Письма эти адресовались Павлу Михайловичу Третьякову, и вот что Третьяков отвечал Крамскому: "Верещагина как человека я очень мало знаю или, лучше, совсем не знаю. Когда я познакомился с ним в Мюнхене, он мне показался очень симпатичным, все же дальнейшие его ко мне отношения были вовсе не симпатичны, но я его всегда продолжал уважать как выдающийся талант и выдающуюся натуру".

Как бы там ни было, но к молодому собрату, исполнившему гравюры по его картинам и этюдам, знаменитый уже Верещагин отнесся и жестко и высокомерно. Главное, пропал труд и надежда на некоторый гонорар. Деньги Васнецову теперь были очень нужны: он набирался храбрости ехать в Париж.

Париж, фиеста, ярмарка! Для русского слуха слова эти разные, но ударяют они по струнам души вроде бы почти однаково.

Париж! Это как подарок жизни, как некая не очень-то заслуженная награда.

И вот стоял Виктор Михайлович, вятский художник, не только миру, но и сам себе малознакомый, стоял неведомо как далеко от России, Петербурга, а уж от Вятки-то, от Рябова – без всякого сомнения в тридевятом царстве, стоял и глядел под ноги. Вроде бы земля как земля, но – Париж!

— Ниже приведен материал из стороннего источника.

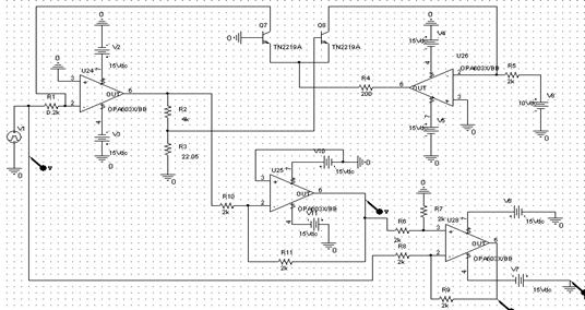 Для реализации задания потребуется логарифматор и аналоговый вычитатель. Схема реализации функции F2>X2 представлена на рис16.
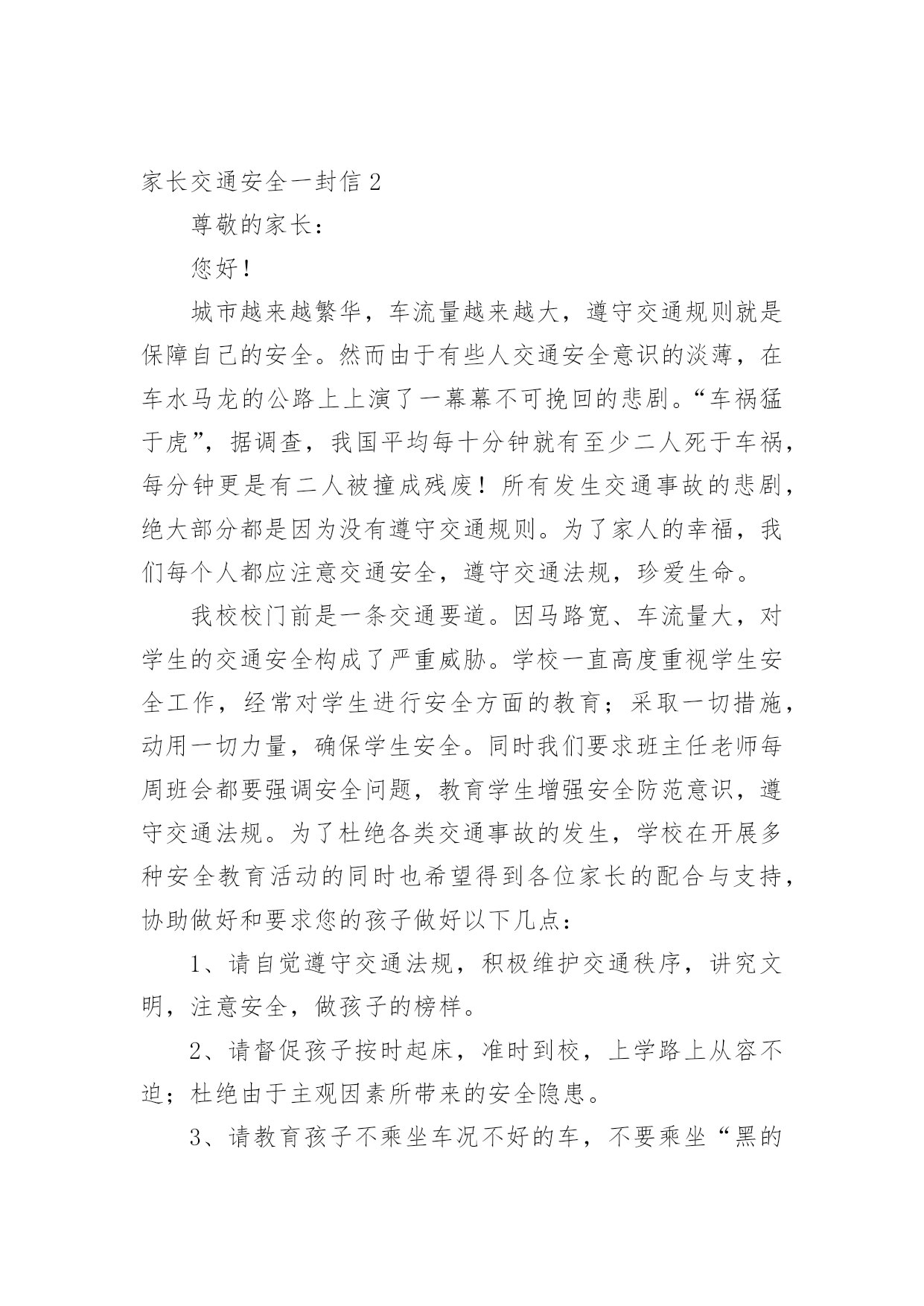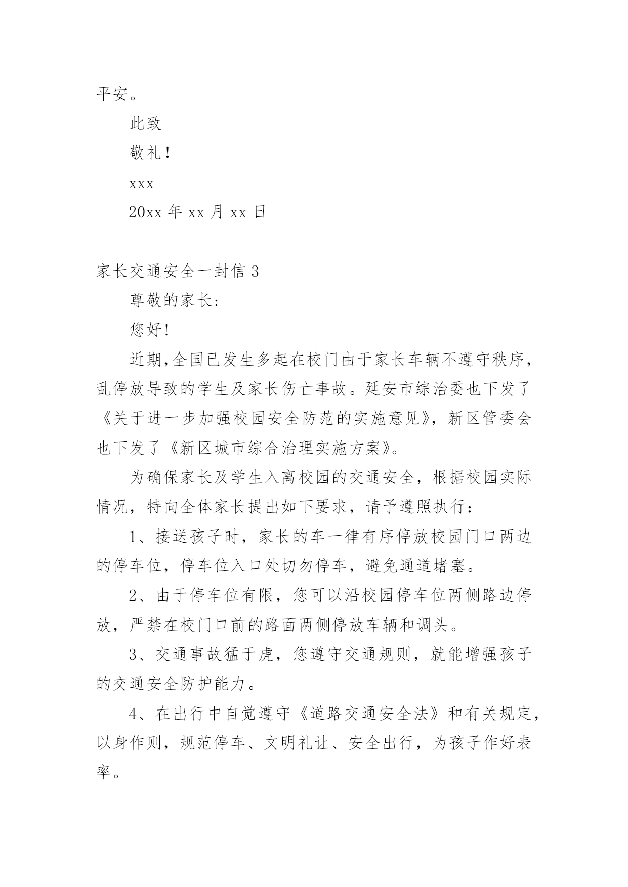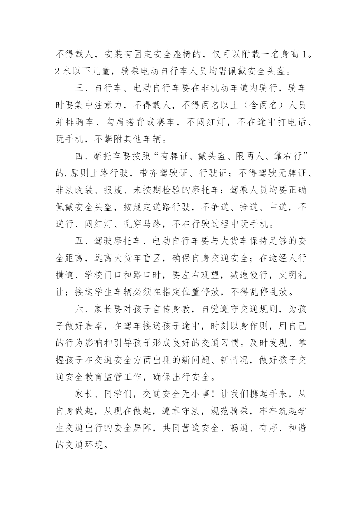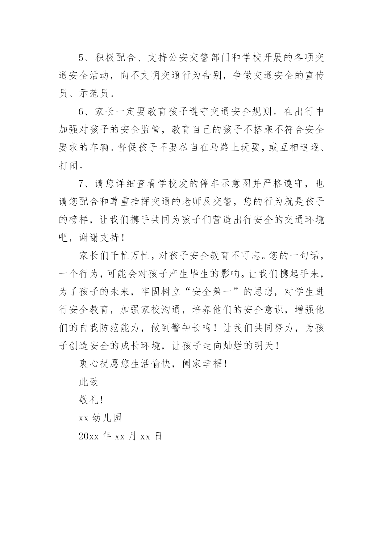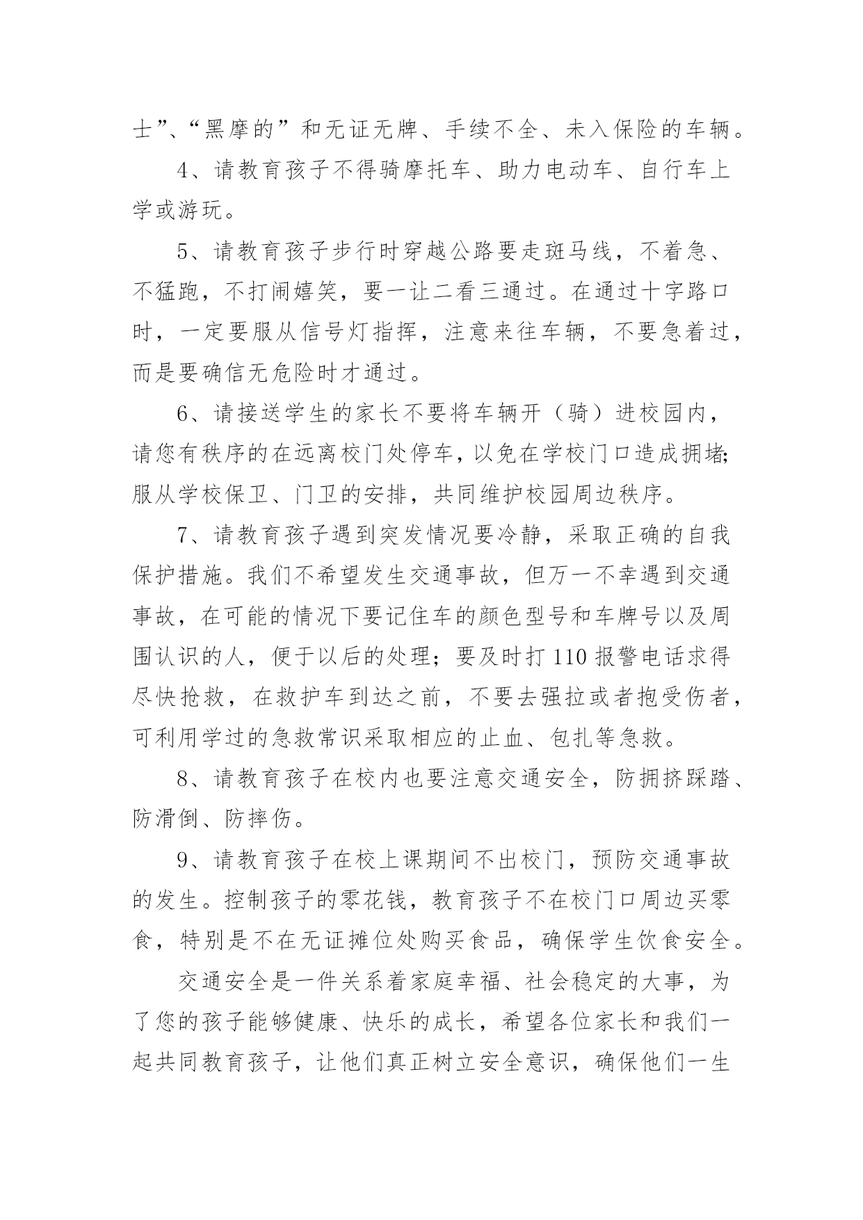 家长交通安全一封信在我们平凡的日常里,大家都跟书信打过交道吧,书信是一种用书面的形式向亲人、朋友、同志问候、谈话、联系事宜的应用文体。你所见过的书信是什么样的呢?以下是小编为大家整理的家长交通安全一封信,仅供参考,欢迎大家阅读。家长交通安全一封信1尊敬的学生家长、亲爱的同学们:您好!交通出行安全关系到每一个孩子的健康和家庭的幸福。随着潮州经济社会的快速发展,全市机动车保有量逐年增长,特别是摩电车辆的急剧增多,给交通出行安全带来极大挑战。为预防和减少涉学生、家长摩托车、电动自行车交通违法行为,共同守护孩子们的健康安全成长,倡导树立正确的交通安全观,共同遵守交通法规、杜绝交通违法,形成规范骑行、有序停放、文明礼让的良好出行风尚,敬请各位学生及家长做到:一、年龄未满12周岁不得骑自行车上路,未满16周岁不得骑电动自行车上路,未满18周岁不得驾驶摩托车上路。二、电动自行车要按照“上牌照、有保险、戴头盔、限一人、靠右行”的原则上路行驶,禁止驾驶无牌、非法改装、超期的违标电动车上路,自行车、电动自行车在城市道路上不得载人,安装有固定安全座椅的,仅可以附载一名身高1。2米以下儿童,骑乘电动自行车人员均需佩戴安全头盔。三、自行车、电动自行车要在非机动车道内骑行,骑车时要集中注意力,不得载人,不得两名以上(含两名)人员并排骑车、勾肩搭背或赛车,不闯红灯,不在途中打电话、玩手机,不攀附其他车辆。四、摩托车要按照“有牌证、戴头盔、限两人、靠右行”的.原则上路行驶,带齐驾驶证、行驶证;不得驾驶无牌证、非法改装、报废、未按期检验的摩托车;驾乘人员均要正确佩戴安全头盔,按规定道路行驶,不争道、抢道、占道,不逆行、闯红灯、乱穿马路,不在行驶过程中玩手机。五、驾驶摩托车、电动自行车要与大货车保持足够的安全距离,远离大货车盲区,确保自身交通安全;在途经人行横道、学校门口和路口时,要左右观望,减速慢行,文明礼让;接送学生车辆必须在指定位置停放,不得乱停乱放。六、家长要对孩子言传身教,自觉遵守交通规则,为孩子做好表率,在驾车接送孩子途中,时刻以身作则,用自己的行为影响和引导孩子形成良好的交通习惯。及时发现、掌握孩子在交通安全方面出现的新问题、新情况,做好孩子交通安全教育监管工作,确保出行安全。家长、同学们,交通安全无小事!让我们携起手来,从自身做起,从现在做起,遵章守法,规范骑乘,牢牢筑起学生交通出行的安全屏障,共同营造安全、畅通、有序、和谐的交通环境。家长交通安全一封信2尊敬的家长:您好!城市越来越繁华,车流量越来越大,遵守交通规则就是保障自己的安全。然而由于有些人交通安全意识的淡薄,在车水马龙的公路上上演了一幕幕不可挽回的悲剧。“车祸猛于虎”,据调查,我国平均每十分钟就有至少二人死于车祸,每分钟更是有二人被撞成残废!所有发生交通事故的悲剧,绝大部分都是因为没有遵守交通规则。为了家人的幸福,我们每个人都应注意交通安全,遵守交通法规,珍爱生命。我校校门前是一条交通要道。因马路宽、车流量大,对学生的交通安全构成了严重威胁。学校一直高度重视学生安全工作,经常对学生进行安全方面的教育;采取一切措施,动用一切力量,确保学生安全。同时我们要求班主任老师每周班会都要强调安全问题,教育学生增强安全防范意识,遵守交通法规。为了杜绝各类交通事故的发生,学校在开展多种安全教育活动的同时也希望得到各位家长的配合与支持,协助做好和要求您的孩子做好以下几点:1、请自觉遵守交通法规,积极维护交通秩序,讲究文明,注意安全,做孩子的榜样。2、请督促孩子按时起床,准时到校,上学路上从容不迫;杜绝由于主观因素所带来的安全隐患。3、请教育孩子不乘坐车况不好的车,不要乘坐“黑的士”、“黑摩的”和无证无牌、手续不全、未入保险的车辆。4、请教育孩子不得骑摩托车、助力电动车、自行车上学或游玩。5、请教育孩子步行时穿越公路要走斑马线,不着急、不猛跑,不打闹嬉笑,要一让二看三通过。在通过十字路口时,一定要服从信号灯指挥,注意来往车辆,不要急着过,而是要确信无危险时才通过。6、请接送学生的家长不要将车辆开(骑)进校园内,请您有秩序的在远离校门处停车,以免在学校门口造成拥堵;服从学校保卫、门卫的安排,共同维护校园周边秩序。7、请教育孩子遇到突发情况要冷静,采取正确的自我保护措施。我们不希望发生交通事故,但万一不幸遇到交通事故,在可能的情况下要记住车的颜色型号和车牌号以及周围认识的人,便于以后的处理;要及时打110报警电话求得尽快抢救,在救护车到达之前,不要去强拉或者抱受伤者,可利用学过的急救常识采取相应的止血、包扎等急救。8、请教育孩子在校内也要注意交通安全,防拥挤踩踏、防滑倒、防摔伤。9、请教育孩子在校上课期间不出校门,预防交通事故的发生。控制孩子的零花钱,教育孩子不在校门口周边买零食,特别是不在无证摊位处购买

Более всего звал его сюда, торопил Вася Поленов, к нему и направил стопы, и главным образом еще потому, что адрес прост: Монмартр, улица Бланш, 72.

Кипение города, чужая речь, чужого вида дома не ошеломили, не напугали, и хоть тревожно было, где он, этот Монмартр, но не особенно – извозчики знают, главное, с ними не опростоволоситься, не позволить содрать лишнего.

Французский язык Васнецова повергал русских парижан в столбняк. Во-первых, скудостью словаря и полным пренебрежением к грамматике, а во-вторых, отвагой. Васнецов брался беседовать хоть о цене на спаржу, хоть о психологии души и тайнах искусств, и самое удивительное – его понимали.

Поленов, увидав на пороге улыбающегося Васнецова, кинулся обнимать, целовать, а Виктор Михайлович, поставив к степе саквояж, оглядывал мастерскую и смущенно посмеивался:

– Ну, вот он я. Назвал на свою голову.

– Молодец, что решился. Устал? – Поленов глядел па товарища, не нарадуясь.

– Отчего ж я устал? Меня везли, не на мне.

– Тогда пошли поедим в кафе, да в Лувр! Л?

– Да, конечно, пошли, – согласился Васнецов. – Чего ж рассиживаться?

По дороге признался:

– Мне как-то спокойнее стало, когда на четвертый этаж пришлось лезть. А то, думаю, живет как барин.

– И все-таки меня в аристократы записывают. Даже мадам Серова! – искренне удивлялся Поленов.

Очень дешево пообедали, на извозчике, чтобы поберечь ноги, доехали до Лувра.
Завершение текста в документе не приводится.